I got on the wrong plane with a very strange briefcase, and it might be about to save my life. We’re landing now and if I do this right, I’ll survive.
But I’m not sure I can do this right.
I got on the wrong plane.
This shouldn’t really be possible. Maybe at the New York City airport in 1929, when it was just a bunch of propeller planes lined up on the pavement with their gangways down, like buses waiting in an elementary school parking lot. Maybe people got on the wrong plane all the time in 1929. “Baltimore, what? Oh, bother!”
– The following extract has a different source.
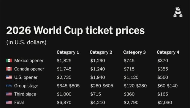 英國球迷協會(FSA)的發言人也表示,美國世界盃的天價票“令人震驚”和“無法接受”。一位名叫托馬斯·康坎農的球迷代表算了一筆賬:“如果一名球迷能順利買到從揭幕戰到決賽的四檔票,至少要花3180美元,這比卡塔爾世界盃的成本高出一倍多。再加上機票和住宿,這將成爲有史以來最昂貴的一屆世界盃!”他呼籲國際足聯應爲參賽國分配更多低價票,並將這些票集中安排在球門後的關鍵區域,以便球迷們更好地支持球隊。

But now? Checks, double-checks, passports, and boarding passes. An entire miniature city has been constructed with one objective: to make sure you don’t get on the wrong plane. Well, also to make sure you buy something before you don’t get on the wrong plane. But mostly the first part.
So I don’t know how it happened. I’ll admit, I was half-asleep and I wasn’t paying attention. I’ve made this trip many, many times; it’s part of my job. I work at the Smithsonian in Washington. IAD to JFK back to IAD, always on the United shuttle. No frills. Lots of daily commuters. Can you imagine flying to work every day? I do this once a week, tops, and it kills me.
This was the flight back to Washington. I’d only been on the ground in New York for a few hours: just enough time to retrieve my cargo, pack it up in a briefcase, turn around and head for home.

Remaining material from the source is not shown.